=== Begin Enclosure ===
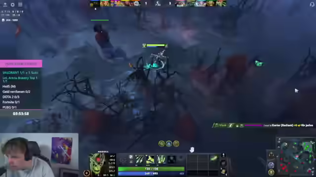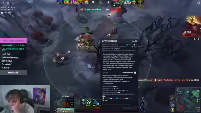 08:45:28Es wird festgestellt, dass das Spiel auf einem Dubai-Server läuft, was zu hohen Pings und Lags führt. Es wird vermutet, dass Freddy dies absichtlich verursacht hat, um länger Dota spielen zu können. Die Auswirkungen der schlechten Verbindung auf das Gameplay werden diskutiert, insbesondere die Schwierigkeiten, präzise Aktionen auszuführen. Im weiteren Verlauf des Gesprächs geht es um spezifische Spielsituationen und Strategien. Es wird die Notwendigkeit betont, den gegnerischen Midlaner zu kontrollieren und die Botlane zu unterstützen. Die Gesprächspartner tauschen sich über ihre jeweiligen Rollen und Verantwortlichkeiten im Team aus. Dabei werden auch taktische Entscheidungen getroffen, wie zum Beispiel das Stunnen von Gegnern und das Ausnutzen von Schwachstellen. Die Analyse der Spielsituationen und die Entwicklung von Strategien zeigen das taktische Verständnis der Teilnehmer und ihre Fähigkeit, als Team zusammenzuarbeiten. Die Diskussion über die Serverprobleme und die Spielstrategien verdeutlichen die Herausforderungen und die Komplexität des Spiels Dota 2.
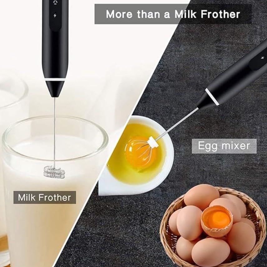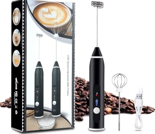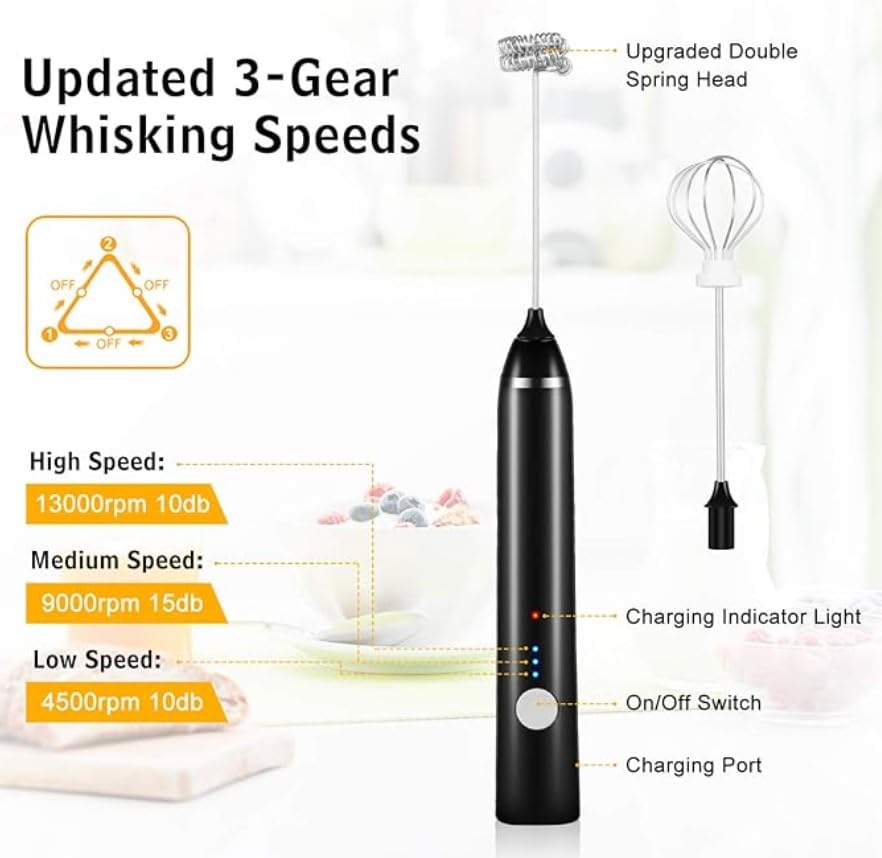 Generic - أداة خفق اللبن الكهربائية مع 3 إعدادات للسرعة 12000 و9000 و4500 دورة في الدقيقة مزودة بخفاقة مزدوجة الزنبرك قابلة للشحن عبر منفذ USB، لون أسود
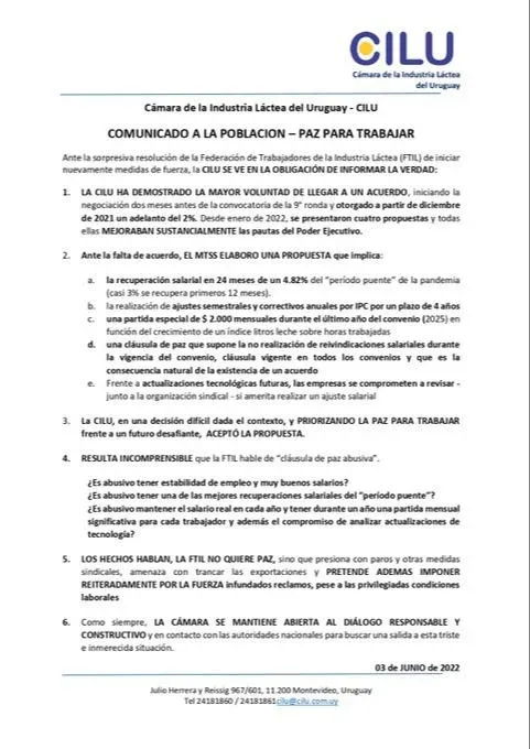 La Cámara de la Industria Láctea del Uruguay (CILU) emitió este viernes un comunicado en el que afirma que resulta incomprensible que la Federación de Trabajadores de la Industrial Láctea (FTIL) hable de “cláusula de paz abusiva”, saliendo al cruce de lo que comunicó y decidió este jueves la FTIL.
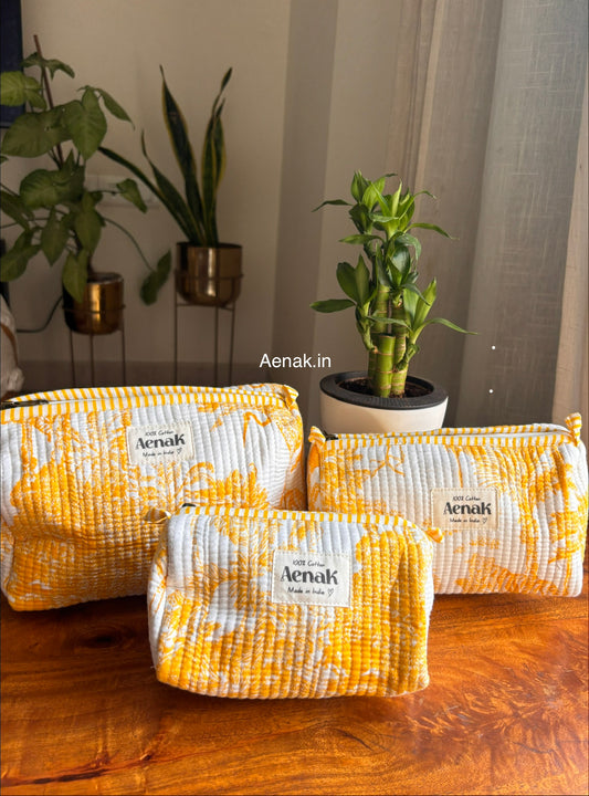 Yellow Marigold Quilted Vanity Pouches-Set of 3
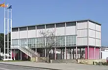 The Finnish pavilion was designed by Alvar Aalto, following an open architectural competition held in 1936, where he had won both first and second prize, the winning entry "Le bois est en marche" forming the basis for the pavilion as built. Finland had been given a difficult, sloping wooded site near the Trocadéro, something which Aalto was able to exploit in creating a ground plan featuring an irregular chain of volumes joined in as sort of collage - with small, open, cubic pavilions together with two larger exhibition halls.[4] The entire complex curved around a shady garden with Japanese touches. The pavilion was also an advertisement for Finland's prime export, wood, as the building was built entirely of timber. French architecture historian Fabienne Chevallier has argued that at the time French critics were baffled by Aalto's building because though built of wood - and thus endorsing an image of what they perceived Finland to be - they were unprepared for Aalto's avant-gardism.[5]
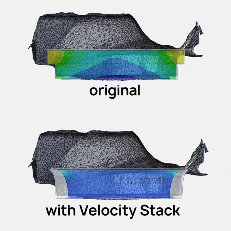 With the performance intake funnel for installation in the air filter housing of your W201 190E 2.6 with M103 engine, you can optimize the air flow of your intake. The improved flow rate of the Velocity Stack has been tested and confirmed in CFD simulations. This provides your engine with a higher volume of air for better volumetric efficiency.
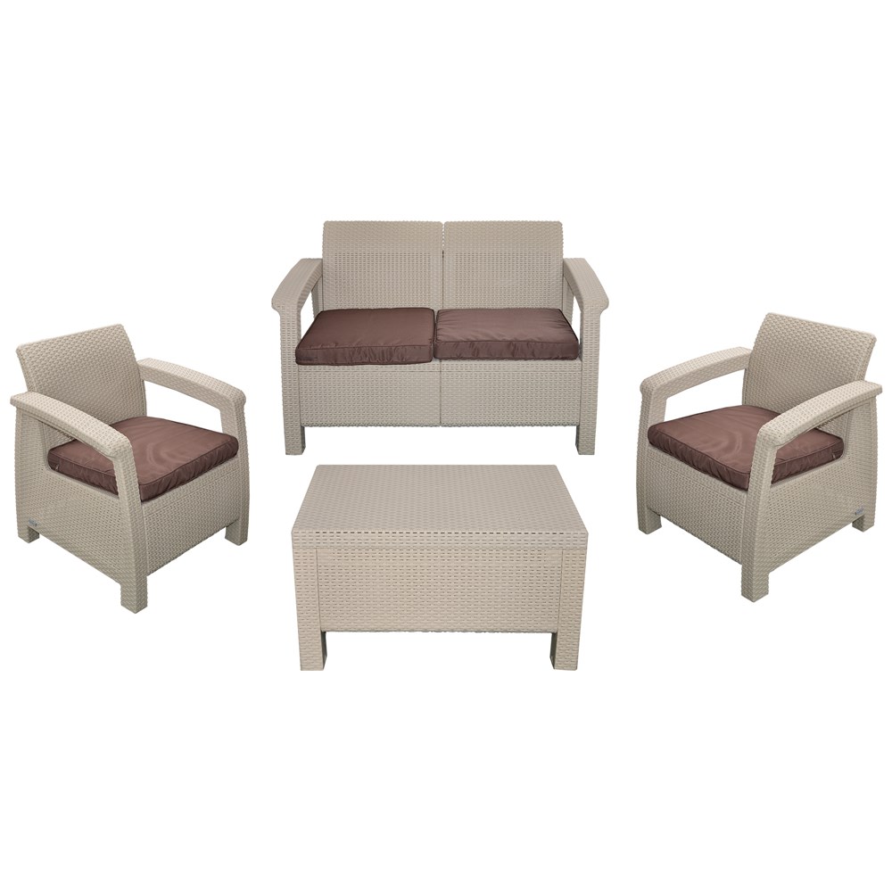 The cappucino color set, 120x82x62 cm in size, is an ideal choice for furnished open areas of bars, patios, terraces, balconies etc,. Plastic material is lightweight and resistant to moisture and atmospheric agents, making this set very convenient for facilities that will furnish. The cappucino color, fits easily with all shades of colors and very well with the green environment. Cushions in dark brown that are part of the set, besides the wonderful vision that will provide a comfortable and relax during your stay.
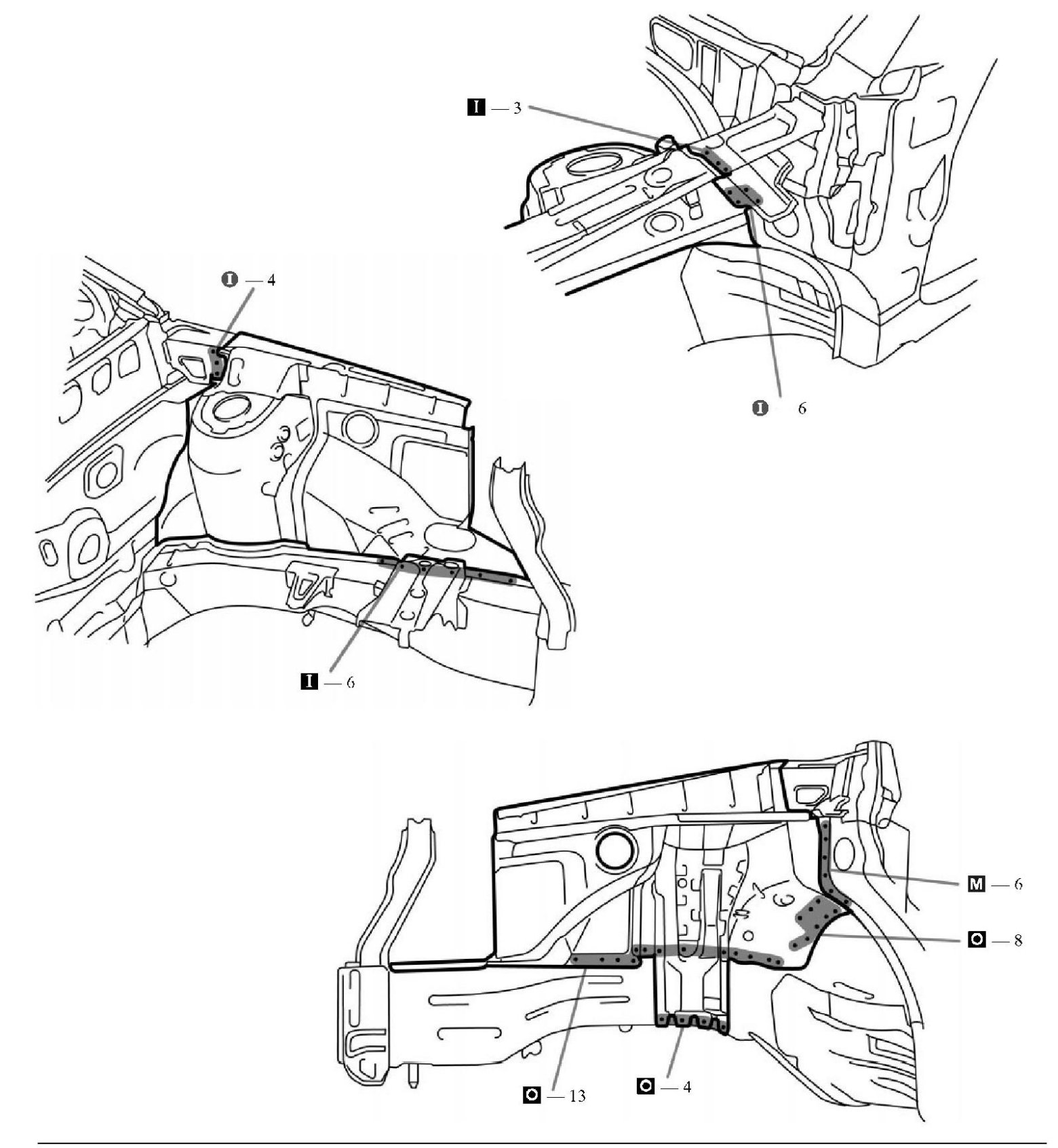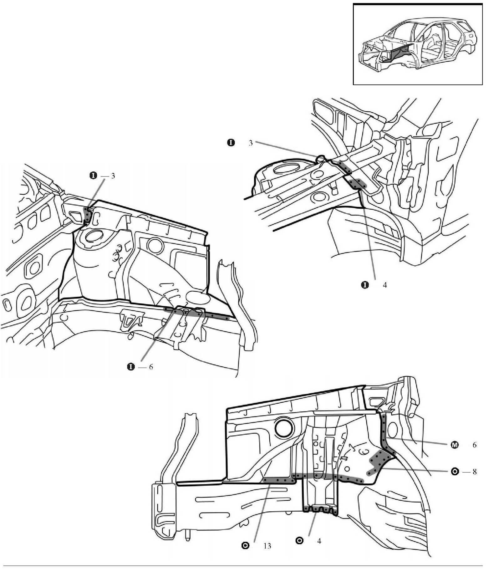 1. Temporarily install the new parts and measure each part in accordance with the body dimension diagram.
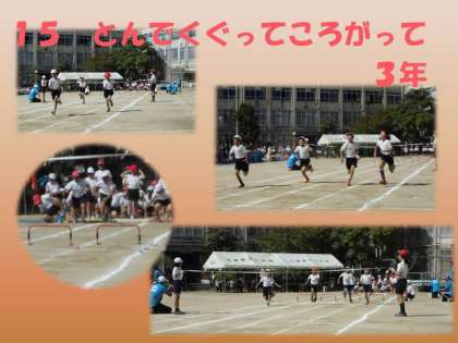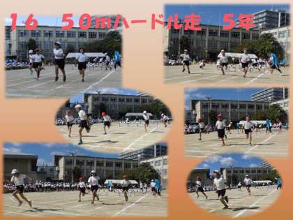 低学年はバラエティ走といって,マットで前転をしたり,ゴムをくぐったり,低いハードルを跳んだりと,学年によって色々なものを跳んだり越えたりして50mを走っています。
=== End Enclosure ===
# Work item
Pictures excluded, repeat the records exactly from their opening line through the line containing "Generic - أداة".

# Exercise result
 08:45:28Es wird festgestellt, dass das Spiel auf einem Dubai-Server läuft, was zu hohen Pings und Lags führt. Es wird vermutet, dass Freddy dies absichtlich verursacht hat, um länger Dota spielen zu können. Die Auswirkungen der schlechten Verbindung auf das Gameplay werden diskutiert, insbesondere die Schwierigkeiten, präzise Aktionen auszuführen. Im weiteren Verlauf des Gesprächs geht es um spezifische Spielsituationen und Strategien. Es wird die Notwendigkeit betont, den gegnerischen Midlaner zu kontrollieren und die Botlane zu unterstützen. Die Gesprächspartner tauschen sich über ihre jeweiligen Rollen und Verantwortlichkeiten im Team aus. Dabei werden auch taktische Entscheidungen getroffen, wie zum Beispiel das Stunnen von Gegnern und das Ausnutzen von Schwachstellen. Die Analyse der Spielsituationen und die Entwicklung von Strategien zeigen das taktische Verständnis der Teilnehmer und ihre Fähigkeit, als Team zusammenzuarbeiten. Die Diskussion über die Serverprobleme und die Spielstrategien verdeutlichen die Herausforderungen und die Komplexität des Spiels Dota 2.
 Generic - أداة خفق اللبن الكهربائية مع 3 إعدادات للسرعة 12000 و9000 و4500 دورة في الدقيقة مزودة بخفاقة مزدوجة الزنبرك قابلة للشحن عبر منفذ USB، لون أسود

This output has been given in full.